[Task to complete] Skipping all pictures, set down the lines of the listing from the first through the one with "V aplikaci lze".

[Dataset records]

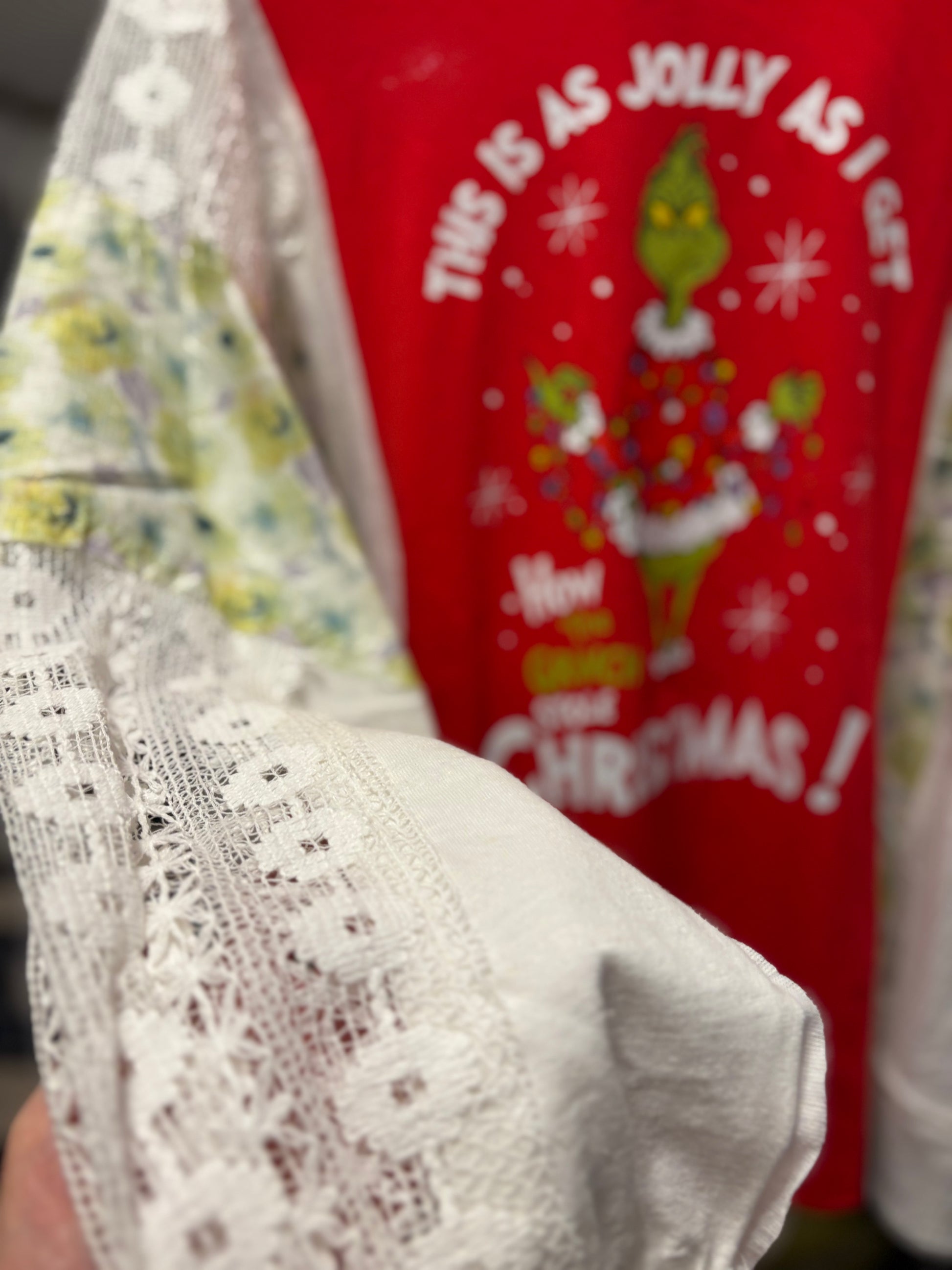 Jolly Grinch Upcycled Frayed Lace Sleeve Tee One Size Fits Small to XXL Oversized
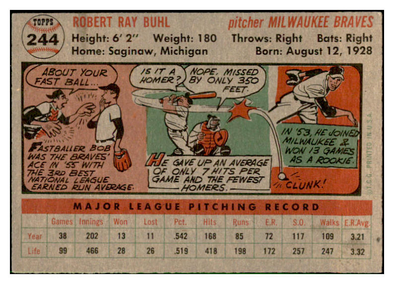 1956 Topps Baseball #244 Bob Buhl Braves EX-MT 535272
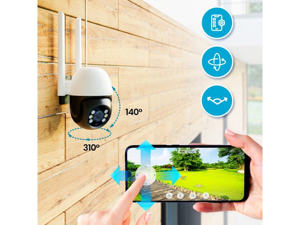 V aplikaci lze ovládat horizontální rotaci 310°, vertikální rotaci 140° a 5x digitální zoom. S pozorovacím úhlem 145 stupňů zaručuje PTZ kamera široký rozsah monitorovací oblasti.
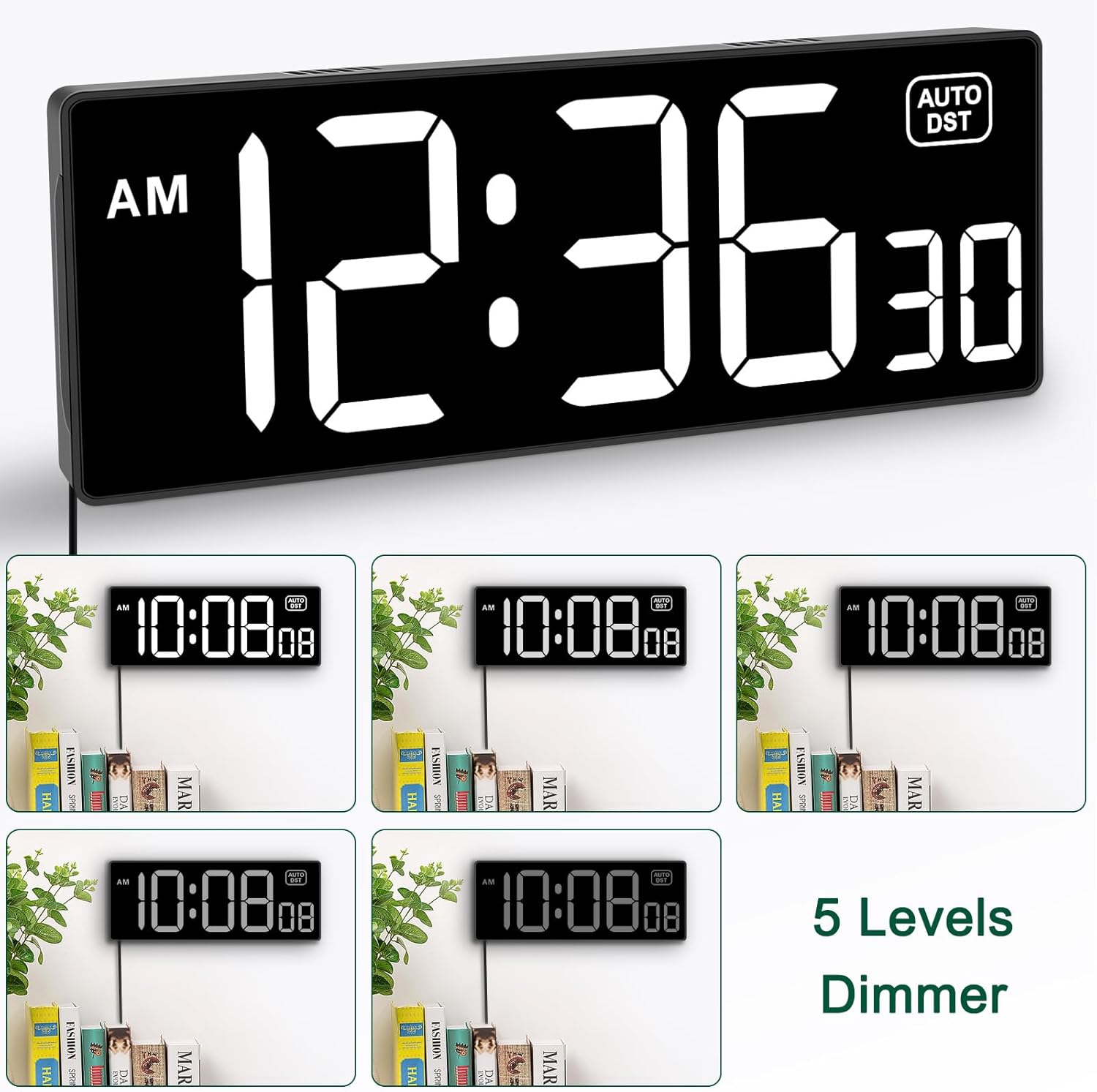 - 𝗗𝗶𝗳𝗳𝗲𝗿𝗲𝗻𝘁 𝗯𝗿𝗶𝗴𝗵𝘁𝗻𝗲𝘀𝘀 𝗱𝗶𝗺𝗺𝗲𝗿 - 5 levels adjustable dimmer, no matter the environment is too bright or too dark you can still see the time by adjusting the brightness with 1 button. If you want to have a good sleep, just set the lowest brightness before going to bed, or turn to the most shining level while your room has sufficient lighting.
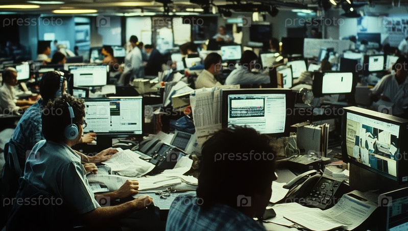 Оживленная офисная обстановка демонстрирует сотрудников, сосредоточенно работающих за своими компьютерами, что создает впечатление динамичного и дружественного рабочего места
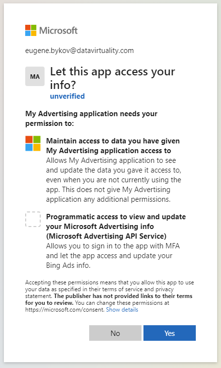 Microsoft Advertising User Authentication
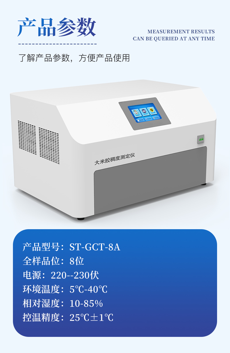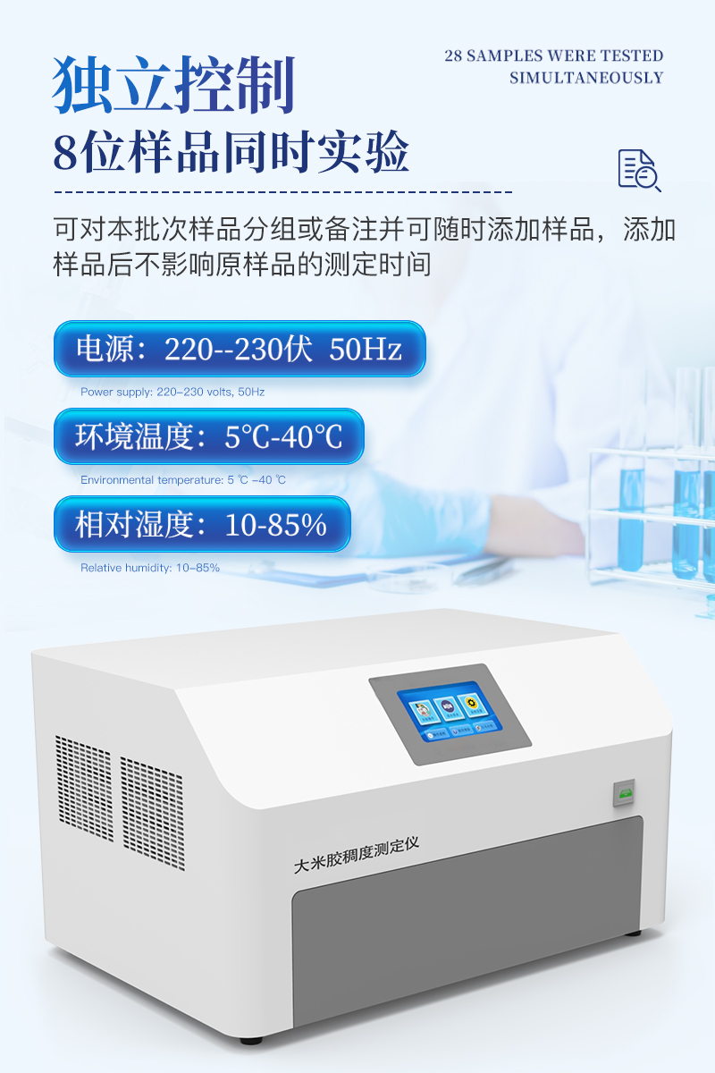 1、用途:適用于糧油檢測大米膠稠度的測量2、工作條件:2.1電源:220--230伏, 50Hz;環境溫度:5℃-40℃;相對濕度:10-85%3、技術指標要求★全樣品位:8位,★樣品位可獨立控制:每個樣品位獨立控制,*多實現8位樣品同時實驗。★恒溫控制功能:**的升溫和降溫模塊,自動控制實驗操作在

[Output of the exercise]
 Jolly Grinch Upcycled Frayed Lace Sleeve Tee One Size Fits Small to XXL Oversized
 1956 Topps Baseball #244 Bob Buhl Braves EX-MT 535272
 V aplikaci lze ovládat horizontální rotaci 310°, vertikální rotaci 140° a 5x digitální zoom. S pozorovacím úhlem 145 stupňů zaručuje PTZ kamera široký rozsah monitorovací oblasti.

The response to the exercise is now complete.